Looking at these lyrics closely today, I was struck by what I had been overlooking. How did I miss the pain? Why didn't I hear the plaintive cry in the lyrics? Why did I focus on the hallelujahs and miss the brokenness?
"Maybe there's a God above,
but all I"ve ever learned from love
was how to shoot somebody who outdrew you.
And it's not a cry that you hear at night,
It's not somebody who's seen the light,
It's a cold and it's a broken Hallelujah."
Life has not been easy for us this year. In January, during his senior year of high school, Dylan decided to leave our home and live with another family for several months. I was fired from my job in April without notice or cause and the company fought my unemployment claim. (They lost.) I found legal work two months later as a temp at a facility that can only be described as a thinly-disguised, high-priced sweatshop.
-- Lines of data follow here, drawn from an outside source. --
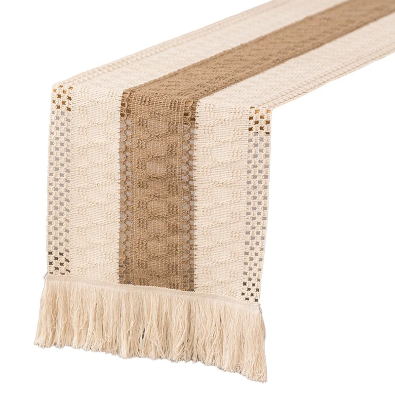 Кремово-бежевое настольное полотенце в богемном стиле с кисточками, плетеный вручную стол из хлопка и льна для фермерского стола, Осенний с...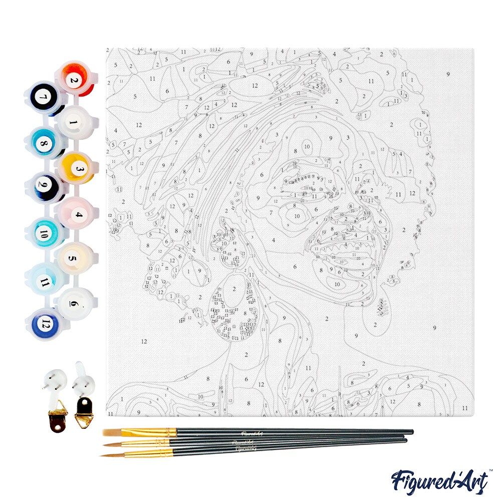 Figured'Art Mini Paint by Numbers Kit for Adults with Frame African Queen Pop Art Small format 8"x8" - Craft Art Painting DIY Canvas Already Stretched on a Wooden Frame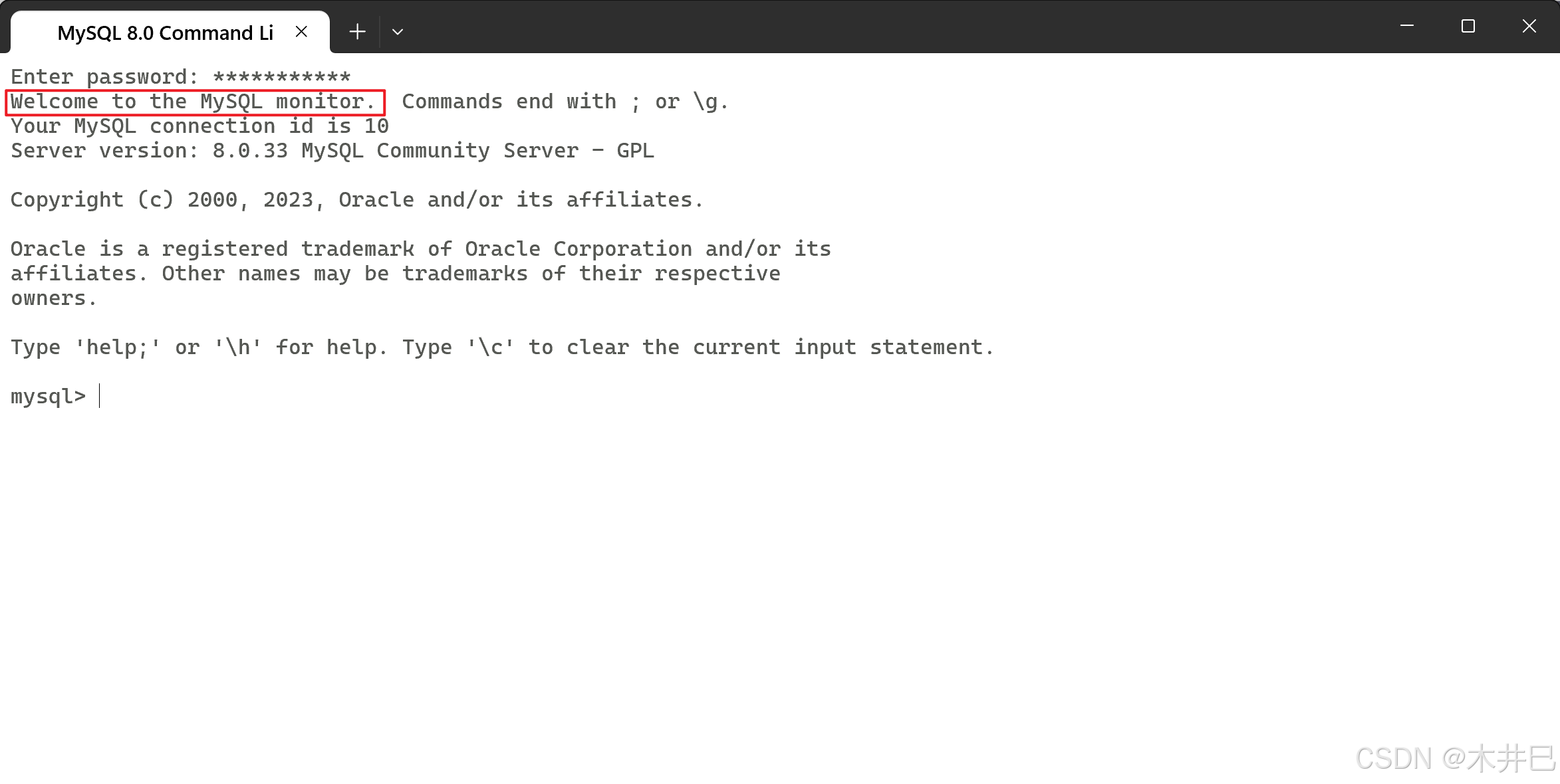当我们启动mysqld程序(客户端程序)、输入设定的密码之后,就成功连接到mysql服务器了:

Chuck received an offer from his employer to transfer to Houston, so we lived separate lives for most of the summer. I had to say goodbye to my church family; it was particularly sad to wave goodbye to my youth ministry kids. With Dylan off to college in Hattiesburg, Elaine, Carlos, and the kids in Mandeville, Chuck and I finally reunited in Houston in September, only to discover that the job market in Houston is incredibly tough to break into, especially for a new resident with no network of family and friends. Without my income, we are stretched to the breaking point, and I am beginning to wonder how to afford Thanksgiving dinner. It is difficult to find a hallelujah.
But remember when I moved in you
And the holy dove was moving too
And every breath we drew was Hallelujah?
I have been thinking recently of what I would say when we exchange our "thanksgivings" at the dinner table. I have been hard pressed to find something that I can say out loud. I am thankful that Dylan hasn't been kicked out of college (At least, not yet.) I'm thankful that I don't have to drive the Gray Ghost in Houston traffic. (We sold it to a friend for her daughter who was in dire need of transportation. But that leaves us with only one vehicle and I am isolated and alone most of the time with no way to get out and meet people.) I am thankful that Chuck has a job. (But his company is restructuring which is and will continue to be stressful until everything shakes out months down the road.)

In the midst of this insanity of life, I can hold on to nothing except my faith that God is good, Jesus loves me, and the Holy Spirit will not forsake us. My cold, broken, whispered hallelujah will be a prayer for the promise of warmer, louder, stronger hallelujahs to come.